Насчёт «большой родни» – тут, очевидно, молодая поэтесса имела в виду земляков. А «смех сквозь слёзы» – ни прибавить ни убавить. Правда. У меня уже есть биография, говорила она, и, помню, добавляла, что это – как морозный розовый рассвет на белых палатках в тайге. О своей семье распространяться не любила. И лишь однажды, когда мы распили на ночь глядя две бутылки «Киндзмараули» в моей общежитской комнатке, вдруг стала, закрыв глаза, вполголоса рассказывать о чувстве собственного достоинства всё-таки не столь уж многочисленной её родни, о своём отце Александре Александровиче, потомке ссыльных поляков, которые дерзнули заявить о себе в 1830-м, чьё восстание совпало с холерными бунтами в Центральной России, и матери, Лидии Ивановне, ведущей род, по-моему, от декабристов Дмитриевых, обладательнице тончайшего эстетического вкуса, об уникальной домашней библиотеке, собранной в течение многих десятилетий, о первых Светланиных стихотворных публикациях в газетах и неожиданном письме от Александра Прокофьева – с такими словами, как «ты самородок» и «у тебя золотые горизонты», а также с предложением встретиться в Москве. Но о встречах с Прокофьевым – молчок, ни слова. «На этой теме – табу», – говорила она.
Через целую жизнь в «Кудеярском эпилоге» я пытался хоть как-то воскресить её облик в Наталье из Шемякинского рода, с которой моему герою, Илье Невьянцеву, довелось сблизиться на войне, в Афгане, и образ этот был начисто лишён слащавости.
Наталья говорит: «Или я не нравлюсь тебе?»

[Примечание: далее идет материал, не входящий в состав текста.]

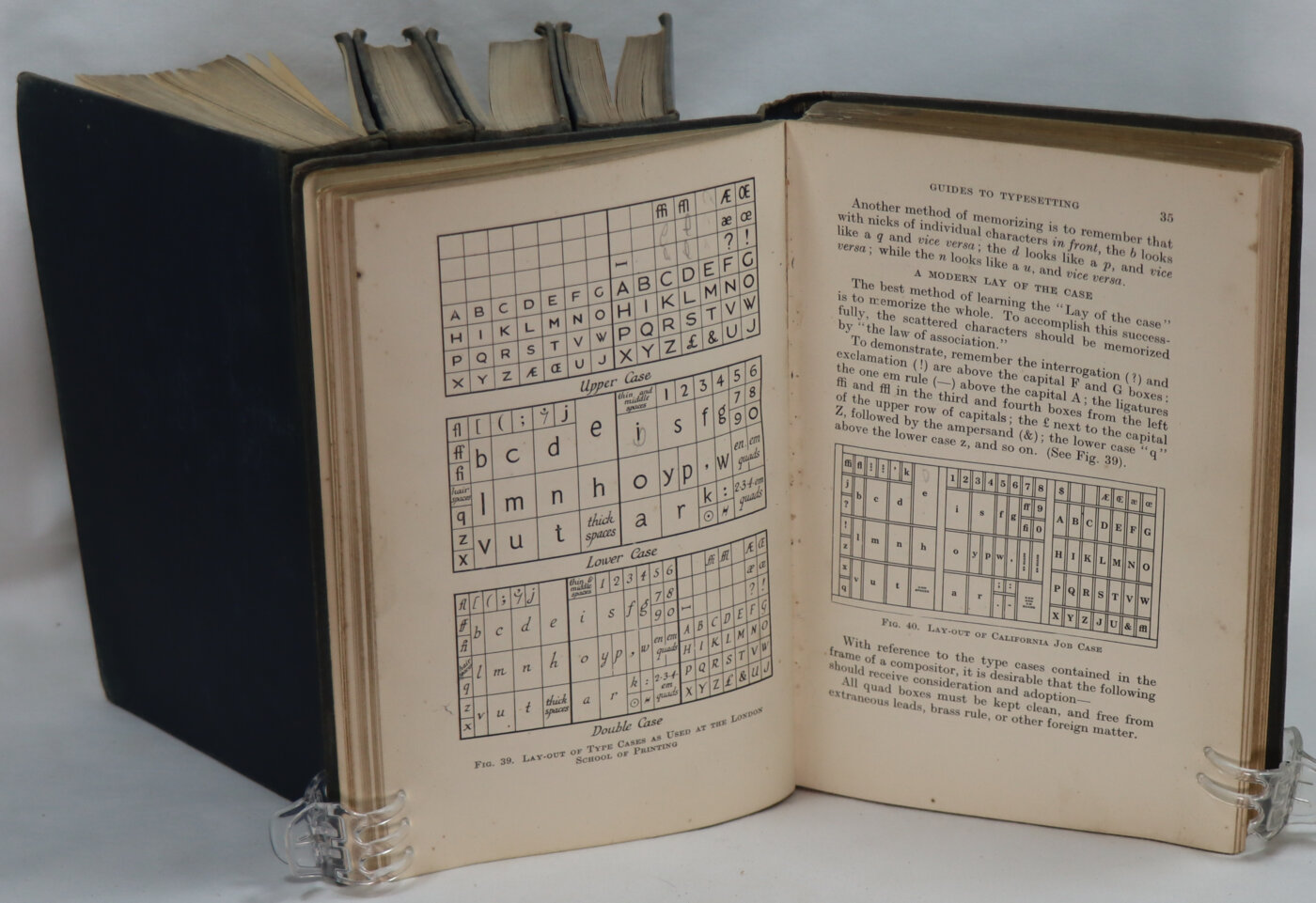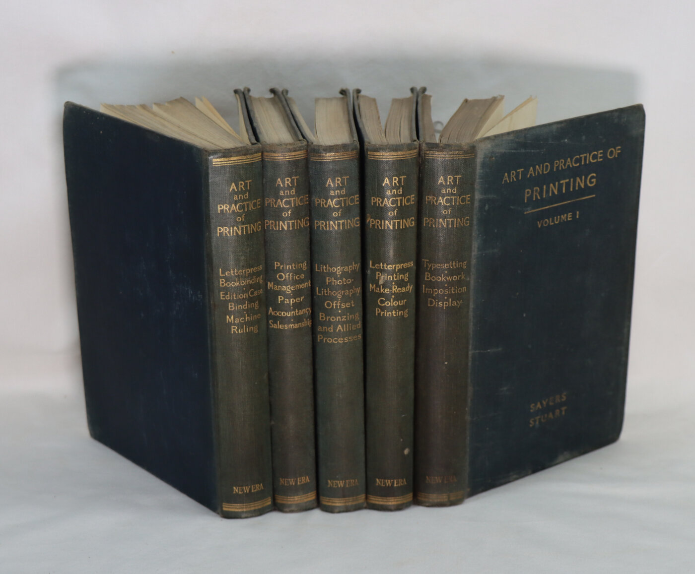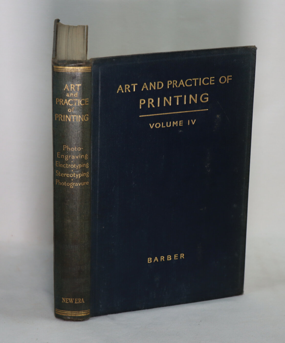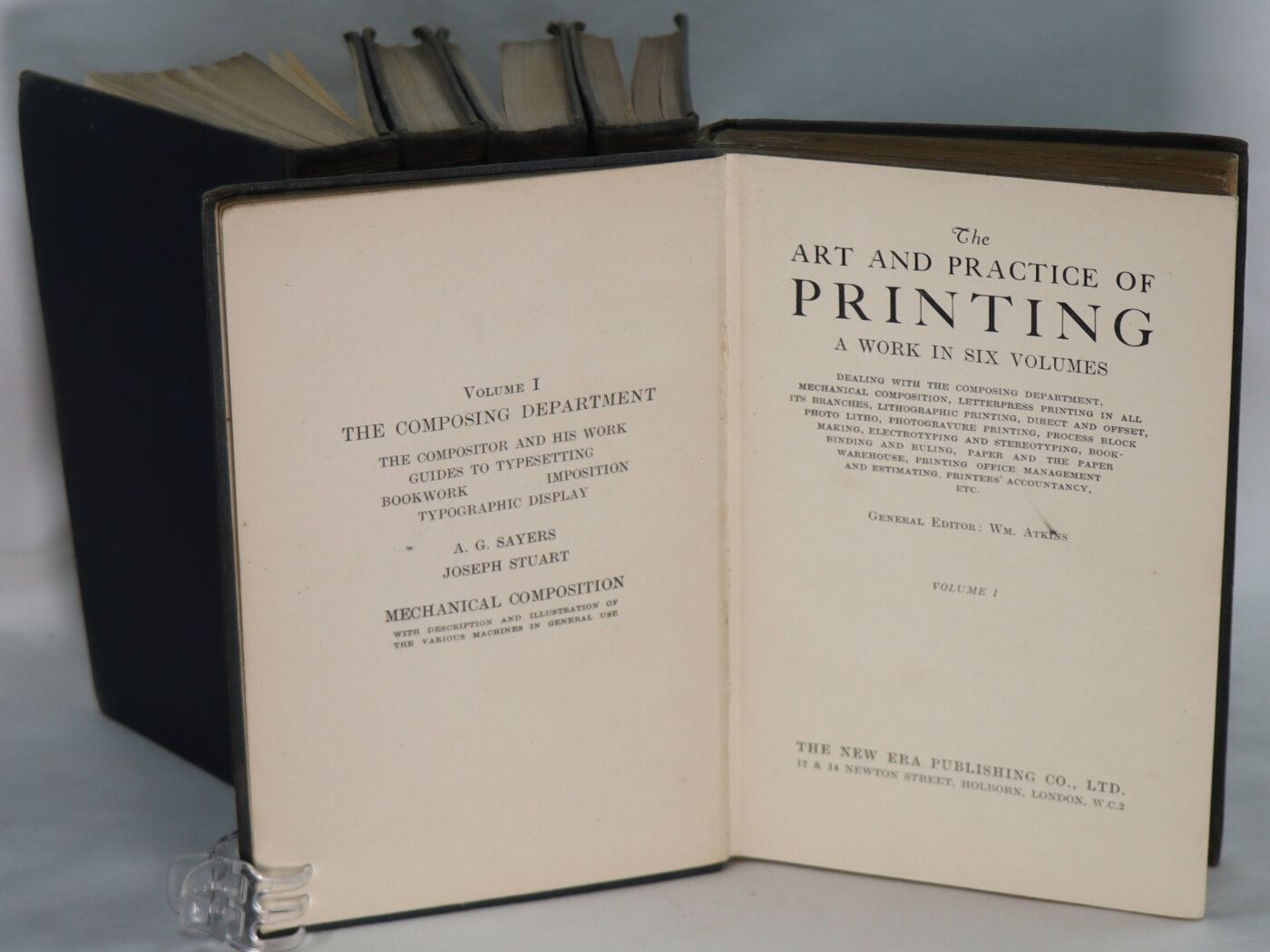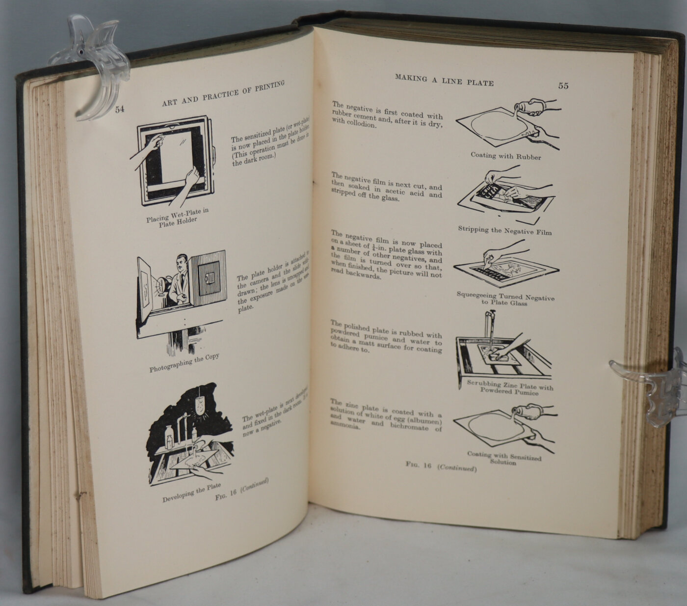 This work covers all aspects of printing, letterpress, lithographic printing, direct and off-set, photo litho, photogravure printing etc. with several black and white illustrations of machinery used in the printing business, some folding charts and plates, color illustrations. Bound in green cloth lettered in gilt, spines lettered in gilt, volume two with two plates loose and upper board with crease. A very good set of this work on the various printing methods and a great teaching tool.

Он отвечает: «Нравишься. Больше, чем нравишься. Я тебя полюбил. Увидел – и полюбил. Вот беда в чём…» И дальше – она: «Полюбил? Какая же здесь беда? Это замечательно. Меня никто никогда не любил. Гладили как соболька, а пальцы берегли: зубов боялись». И ещё дальше: «При яростных вспышках молний ты совсем не такая, хотя и кажешься девочкой, скуластенькой девочкой. Ну так кто же ты? Скажи. Ещё есть время. Или его уже нет? Но ты, конечно, не скажешь… Молнии, одна за другой, выхватывают из темноты твои плечи, твои ключицы, нежный, уходящий в тень изгиб бедра, матовое свечение колена».
Мой герой просит:
«– Не уходи никуда. Сядь. Ты и вправду северянка?
– А разве не видно? Вся – в мать. Она хоть и крещёная была, а верила, что любая вещь обладает душой.
– Я тоже верю, – признался Невьянцев. – И у меня такое же чувство.
– Такое, да не такое. Для этого в семье охотников родиться следует. Моя мать, Абакаяда, не сомневалась, что у рек, у тайги, у зверей свои хозяева имеются. Д
– А ты-то сама просишь?
– Может, и прошу, Илюшенька. Может, и прошу. Нас обращали в христианство, мы на иконы крестились с давних пор, а поглубже заглянешь – язычники. Что со мной отец только ни делал – не выбил дури этой… Я – таёжница-охотница. От меня соснами должно пахнуть…»
Светлана и позже признавалась:
В «Кудеярском эпилоге» я был, пожалуй, не так уж далёк от истины, хотя мать Светланина, отнюдь не Абакаяда, замечательная Лидия Ивановна, учительствовала, преподавала русский язык в школе, где директорствовал её муж, Александр Александрович, втайне гордившийся тем, что он – из ссыльных («кровь поляка седого и татарская кровь»), и всё это – «над Витимом угрюмым, над таёжною далью», в центре Ленского золотопромышленного района, в Бодайбо. И отец, и мать в Гражданскую были на стороне «белых», у Колчака – это в тридцатых годах и заставило их бежать в глубинку из Иркутска.
«Проталины» привлекли любителей поэзии сразу же. А ведь это маленькая, совсем маленькая книжечка: в ней всего пятьдесят стихотворений. Чем же эти стихи тронули души читателей? Не сомневаюсь: не «сибирской темой», а самоцветным словом, его звучанием, магией, приобретённой в распадках, в тайге, в разгадке тайн Байкала, Саян и сибирских рек, которые наделили её жизнестойкостью и, увы, «пересыльной, нелёгкой судьбой», которая подспудно не давала ей покоя. Она заявила, что, найдя себя, уже не изменит себе.